Now, Choi is becoming an inspirational figure, telling Koreans that if he can overcome his incredibly hard early times, they can get through their troubles, too.

He attends concerts like the one yesterday, which was promoted by ChildFund Korea. He is giving speeches across the country, including one at the Blue House. Choi recently released a book of essays titled “Don’t Give Up, You Only Get One Life.”

The vocalist, whose first appearance on “Korea’s Got Talent” ended up on YouTube and was watched 50 million times, doesn’t know his parents.

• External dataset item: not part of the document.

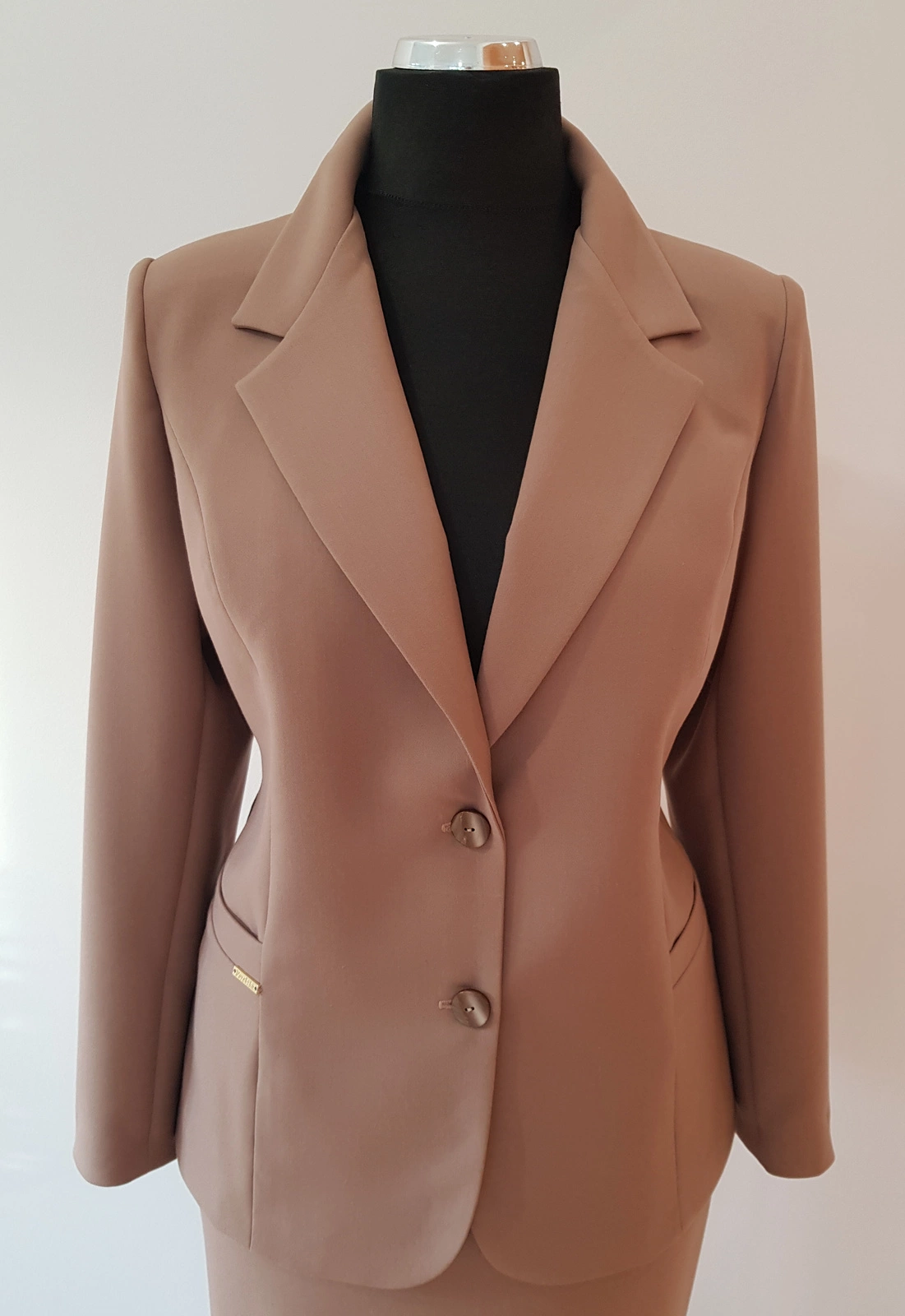 Bardzo ładny biznesowy żakiet uszyty z tkaniny kostiumowej ,, Jaguar " w kolorze beż - cappucciono.

He was abandoned at an orphanage in Seoul at the age of 3.

After a couple of years of being bullied, he ran away to make his way in the world - at age 5.

Choi got on a bus not knowing where he was headed, arriving in a red-light district in Daejeon, some 160 kilometers (100 miles) south of Seoul. The 5-year-old soon found the means to survive in a cluster of nightclubs, selling packs of gums, energy drinks and fake Viagra. For the next 10 years, Choi slept on night club staircases just before sunrise when the clubs closed, public restrooms or phone booths. Choi started drinking and smoking before he turned 10, did drugs and worked as a pickpocket. In an interview with the JoongAng Ilbo on Tuesday, Choi described those years as a “life worse than that of a cockroach.”

His first lucky break came when a woman who ran a street food cart recommended he attend a night school, where he learned to read and write at the age of 15.

A few years later, another big turning point came when Choi saw an ad online for vocal training in the Daejeon area. He tracked down the person who posted the ad and begged him for free lessons. Park Jung-so, then a college student studying music at Pai Chai University in Daejeon, tutored Choi and helped him get into the Daejeon Arts High School, which is known for producing talents.

A few years after he finished high school, Choi was doing construction work and decided to try out for “Korea’s Got Talent.” He won second place, missing the top position by only 0.2 percent of the votes.

He’s taking his new role of inspirational figure even more seriously than his singing career.

“If someone finds a glimpse of hope in my life story, that is the reason why I live,” said Choi. “I will go anywhere if someone needs me to give them hope.”